I was looking at the Bogner cabs, 100 pounds!! Ouch!! Should be darn solid at that weight.


----------



## Diablo (Dec 20, 2007)

not sure what kind of music youre into, but heres a good vid. theres lots of them on YT. But the sweet spot for this amp is hard rock...not new metal, not country. very hot rodded Marshall territory.





but again, very clean and versatile






IMO one of the best all around modern amps.
the only negatives I have for it, is the price, and theres a lot of stuff to tweak, kinda like a Mesa.


----------



## Pooshoes (Feb 18, 2016)

@pat6969 

I think I have a trade worked out with the owner of that rig you saw, if you want to check it out next time you're in Edmonton let me know!

I've owned the 20th anniversary xtc 101b and it was absolutely magic. I also had the Bogner 4x12 w/ V30's and preferred it to my Mesa Recto cabs.
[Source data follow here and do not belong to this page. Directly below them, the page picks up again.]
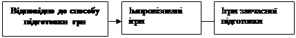 Як ілюструє схема, у навчанні іноземної мови доцільно керуватися принципом наступності, тобто поступового переходу від ігор, спрямованих на формування мовних навичок, до ігор, які власне забезпечують формування і подальший розвиток механізмів мовлення. Тобто, розглядати навчально-ігрову діяльність як засіб формування та удосконалення знань, умінь і навичок під час навчання іноземної мови.
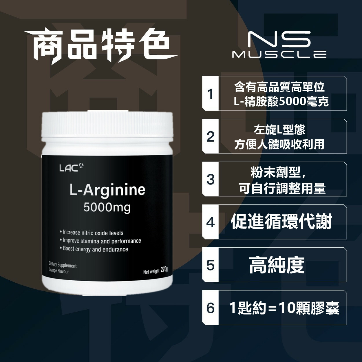 - 每份含有精胺酸5000毫克
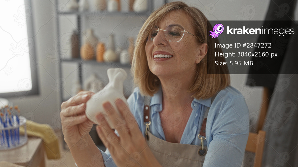 Caucasian middle aged woman holding handcrafted ceramic vase while smiling and inspecting its glaze in studio; satisfaction.

Weight is the only downside to these rigs.


----------



## pat6969 (Feb 4, 2013)

@Pooshoes 

Ya, I think it would have been a nice rig but we worked out a different deal that didn't include the Bogner. It's just too big for me to lug around.


----------



## Diablo (Dec 20, 2007)

pat6969 said:


> I was looking at the Bogner cabs, 100 pounds!! Ouch!! Should be darn solid at that weight.


I don't think Reinhold has ever made anything that wasn't really good (or over-engineered, in the style of ze Germans).


----------